Here we collect short answers to common questions and point to resources:
How can I execute a gym environment?
How can I use a custom environment?
How can I train with decaying/changing parameters (like learning rates) over time?
How can I use a more complex network structure?
How can I use GraphViz to quickly detect and render build problems (like shape and type errors)?
[How can I add summaries to my API method](#How can I add summaries to my API method)
The simplest way of executing an environment is the single-threaded executor. For an example, see
the examples/dqn_cartpole.py
script. While single-threaded, the executor can still use
vectorization but executing on a list of environments and using batch actions.

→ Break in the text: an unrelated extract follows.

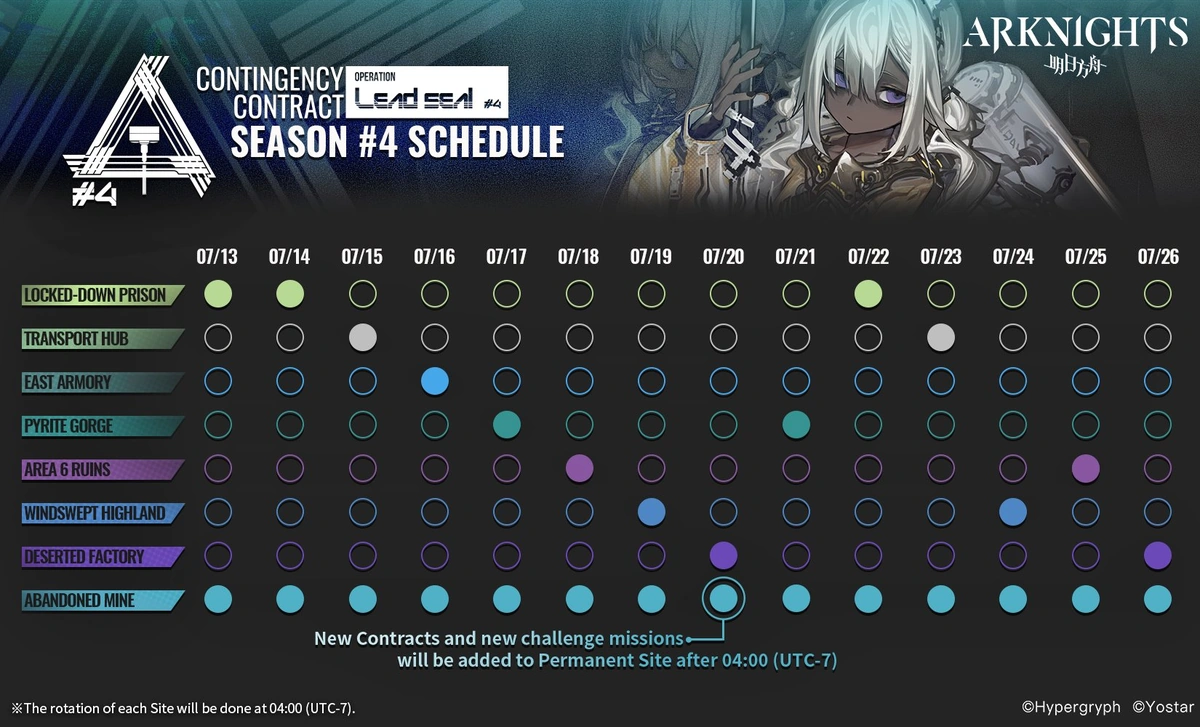 Contingency Contract #4 – Operation Lead Seal, often simply known as Contingency Contract #4 (CC4) or Contingency Contract Lead Seal (C.C. Lead Seal), is the sixth season of the namesake seasonal event in Arknights.
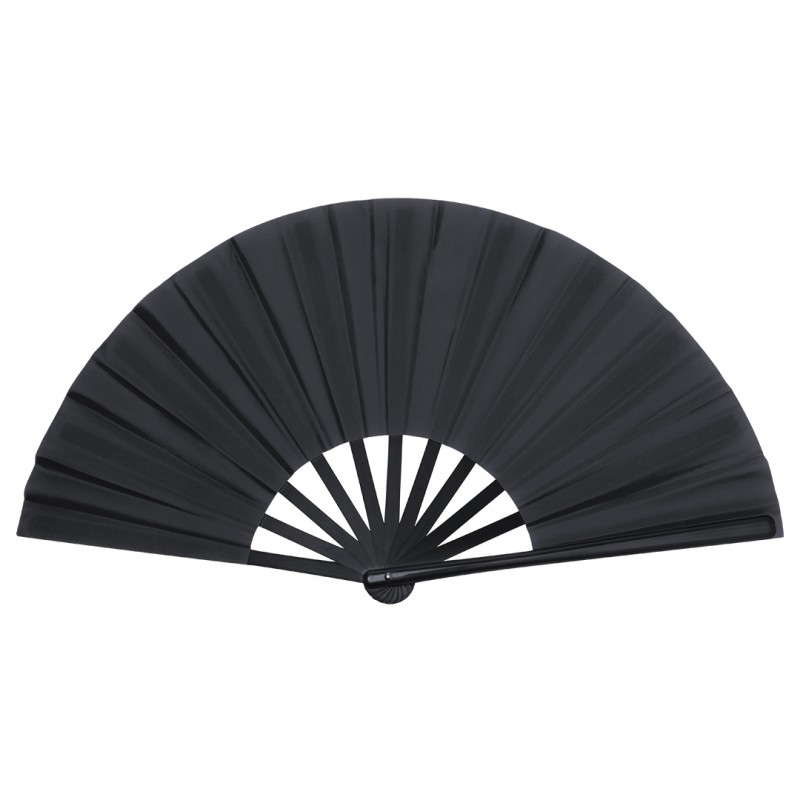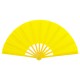 Abanico tamaño maxi con varillas de plástico y tela en poliéster de variados colores. Presentado en caja individual.

This is
controlled via the num_envs=1
arg to the executor.
The Ray executor can execute a large number of environments transparently on a single node or
a large cluster depending on the available resources. The apex_pong
script trains a
distributed DQN variant (Ape-X) using Ray on a number of workers. Ray can also be used
with very few workers even on a laptop. For a number of examples, consider the
(TestApexExecutor
under tests/execution) unit-test which executes e.g. CartPole with a hand-ful workers within
a few seconds.
There are currently two Ray executors (please create an issue if you think we should
add a new one): The Ape-X one for asynchronous distributed value-based learning, and a
synchronous one for e.g. distributed PPO. It simply collects a number of batches in parallel
and merges them into one update. Examples are in the tests package (TestSyncBatchExecutor
in
tests/execution).
Both the single-threaded executor and all Ray executors accept:
- Environment spec dicts for pre-registered environments.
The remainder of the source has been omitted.